Records from a dataset
——

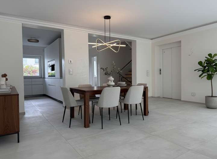 Die gehobene Ausstattung dieser kernsanierten Immobilie wurde 2022 bis 2025 mit höchstem Anspruch vollständig modernisiert. Der offene Wohnbereich mit 3 Meter Deckenhöhe und stilvollem Wintergarten schafft ein großzügiges Raumgefühl, während die hochwertige Einbauküche mit Markengeräten zum gemeinsamen Kochen einlädt. Die exklusive Stucco Veneziano-Spachteltechnik an allen Wänden verleiht jedem Raum luxuriöses Ambiente. Das moderne Smart-Home-System steuert Beleuchtung, Raumklima, Sicherheit und witterungsabhängige Rollladenautomatik am Wintergarten. Der barrierefreie Aufzug erschließt alle Etagen vom Keller bis zum Dachstudio, die integrierte Garage verfügt über eine beheizbare Zufahrt.
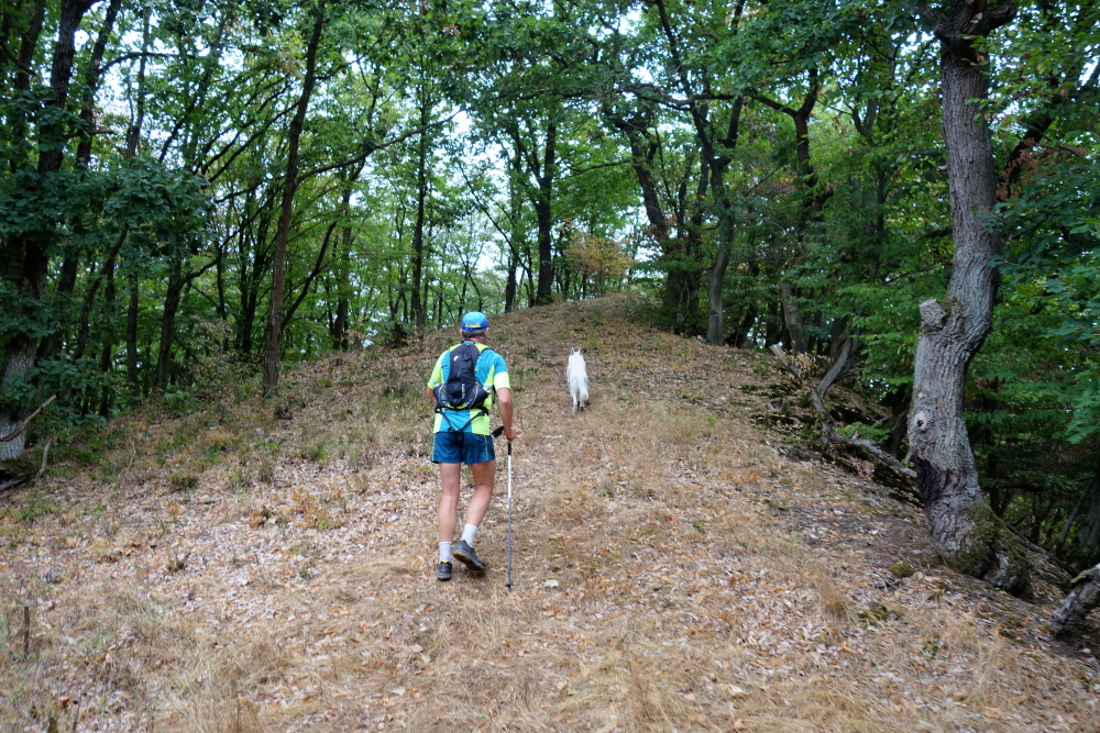 Erst einmal laufen wir leicht abwärts und kommen auf eine Straße am Weinhaus Michaelishof. Die Straße wird gequert und wieder heißt es steigen. Die erste VS kommt. Für Aramis steht eine Schüssel mit Wasser bereit. Für die Zweibeiner gibt es Apfelsaft, Cola, Iso, Wasser, Melone, Kekse, Brote, Riegel, Weingummi …
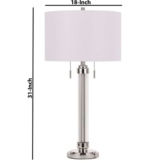 60 X 2 Watt Metal And Acrylic Table Lamp With F... 60 X 2 Watt Metal And Acrylic Table Lamp With Fabric Shade, White And Silver By Benzara
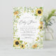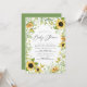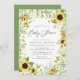 Convites elegantes para bebês de girassol com detalhes sobre o seu chá cercados por uma borda de girassol de cor d'água e folhagem verde-escura. O chá de fraldas de girassol convida à marcha atrás para um fundo verde sólido.
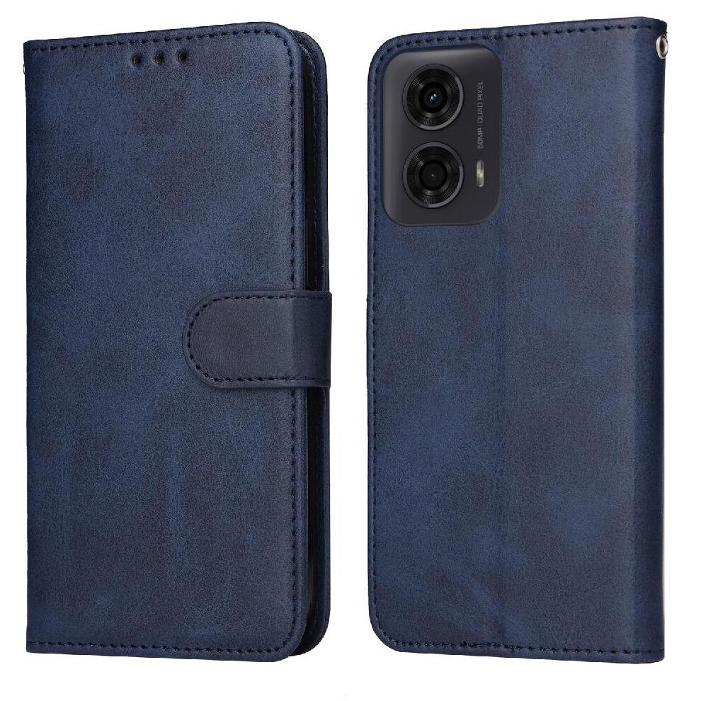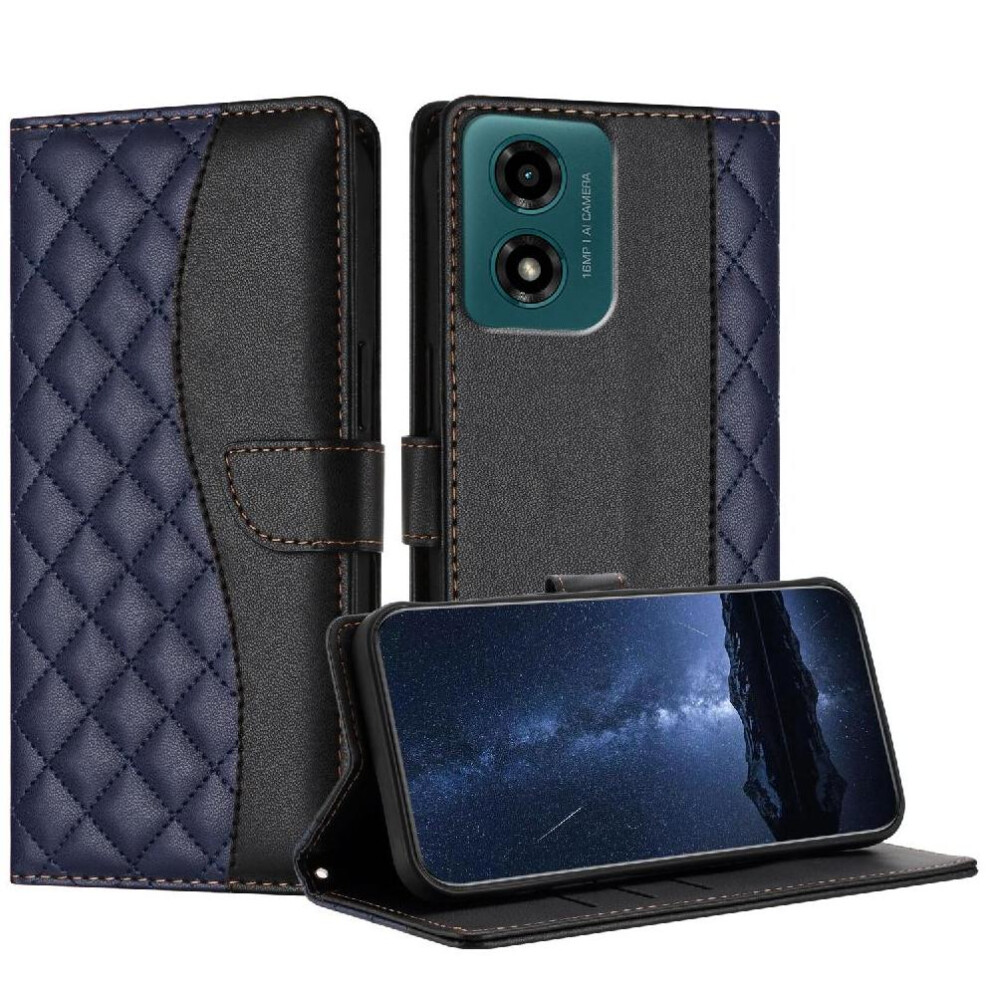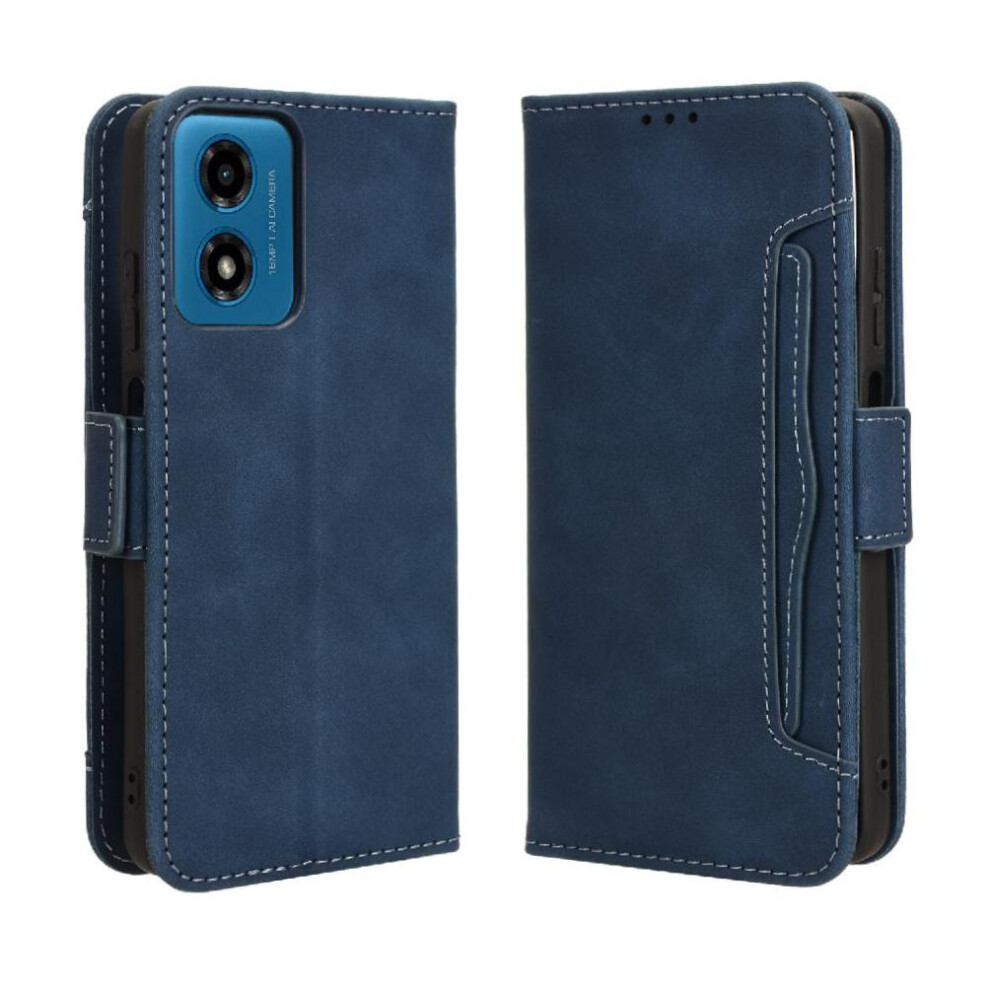 (Blue) Flip Case for Motorola Moto G04 Flip Protective Mobile Phone Anti-fall Premium Pu Leather with Card Slots with Kickstand Function
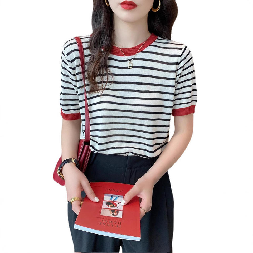 2025เสื้อลายทางของผู้หญิงเสื้อยืดถักพิมพ์ลายคอเสื้อแขนสั้นลำลองผ้าทอแบบเรียบง่ายกันลื่นอัดแน่นสำหรับฤดูร้อน

——

— About this task —
All entries above should be returned exactly, apart from their pictures.

— Response to this exercise —
 Die gehobene Ausstattung dieser kernsanierten Immobilie wurde 2022 bis 2025 mit höchstem Anspruch vollständig modernisiert. Der offene Wohnbereich mit 3 Meter Deckenhöhe und stilvollem Wintergarten schafft ein großzügiges Raumgefühl, während die hochwertige Einbauküche mit Markengeräten zum gemeinsamen Kochen einlädt. Die exklusive Stucco Veneziano-Spachteltechnik an allen Wänden verleiht jedem Raum luxuriöses Ambiente. Das moderne Smart-Home-System steuert Beleuchtung, Raumklima, Sicherheit und witterungsabhängige Rollladenautomatik am Wintergarten. Der barrierefreie Aufzug erschließt alle Etagen vom Keller bis zum Dachstudio, die integrierte Garage verfügt über eine beheizbare Zufahrt.
 Erst einmal laufen wir leicht abwärts und kommen auf eine Straße am Weinhaus Michaelishof. Die Straße wird gequert und wieder heißt es steigen. Die erste VS kommt. Für Aramis steht eine Schüssel mit Wasser bereit. Für die Zweibeiner gibt es Apfelsaft, Cola, Iso, Wasser, Melone, Kekse, Brote, Riegel, Weingummi …
 60 X 2 Watt Metal And Acrylic Table Lamp With F... 60 X 2 Watt Metal And Acrylic Table Lamp With Fabric Shade, White And Silver By Benzara
 Convites elegantes para bebês de girassol com detalhes sobre o seu chá cercados por uma borda de girassol de cor d'água e folhagem verde-escura. O chá de fraldas de girassol convida à marcha atrás para um fundo verde sólido.
 (Blue) Flip Case for Motorola Moto G04 Flip Protective Mobile Phone Anti-fall Premium Pu Leather with Card Slots with Kickstand Function
 2025เสื้อลายทางของผู้หญิงเสื้อยืดถักพิมพ์ลายคอเสื้อแขนสั้นลำลองผ้าทอแบบเรียบง่ายกันลื่นอัดแน่นสำหรับฤดูร้อน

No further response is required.